= Supplied records =

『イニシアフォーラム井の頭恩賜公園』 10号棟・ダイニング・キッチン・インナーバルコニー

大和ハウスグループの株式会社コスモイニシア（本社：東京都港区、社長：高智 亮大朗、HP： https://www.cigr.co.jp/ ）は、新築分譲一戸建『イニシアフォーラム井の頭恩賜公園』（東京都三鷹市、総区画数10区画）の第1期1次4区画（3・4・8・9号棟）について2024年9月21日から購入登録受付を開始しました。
---
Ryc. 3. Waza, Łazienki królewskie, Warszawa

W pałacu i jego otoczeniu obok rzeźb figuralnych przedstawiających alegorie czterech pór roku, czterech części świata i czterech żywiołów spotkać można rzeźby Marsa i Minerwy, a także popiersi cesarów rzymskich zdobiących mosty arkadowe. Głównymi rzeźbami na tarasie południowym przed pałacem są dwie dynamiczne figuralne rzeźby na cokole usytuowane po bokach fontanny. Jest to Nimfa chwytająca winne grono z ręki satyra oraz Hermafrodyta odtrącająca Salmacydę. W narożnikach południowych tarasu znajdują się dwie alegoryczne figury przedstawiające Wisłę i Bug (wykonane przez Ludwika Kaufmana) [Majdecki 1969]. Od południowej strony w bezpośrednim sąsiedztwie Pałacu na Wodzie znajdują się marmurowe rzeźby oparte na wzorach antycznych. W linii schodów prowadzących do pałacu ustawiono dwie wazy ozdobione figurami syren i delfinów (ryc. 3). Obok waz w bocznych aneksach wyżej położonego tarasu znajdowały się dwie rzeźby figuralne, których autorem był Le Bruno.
...
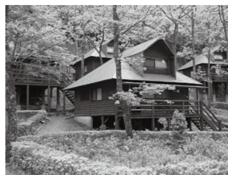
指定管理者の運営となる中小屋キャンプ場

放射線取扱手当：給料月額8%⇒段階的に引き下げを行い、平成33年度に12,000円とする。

= Exercise goal =
Say only how many lines above contain "イニシアフォーラム井の頭恩賜公園", with no other words.

= Solution to this task =
2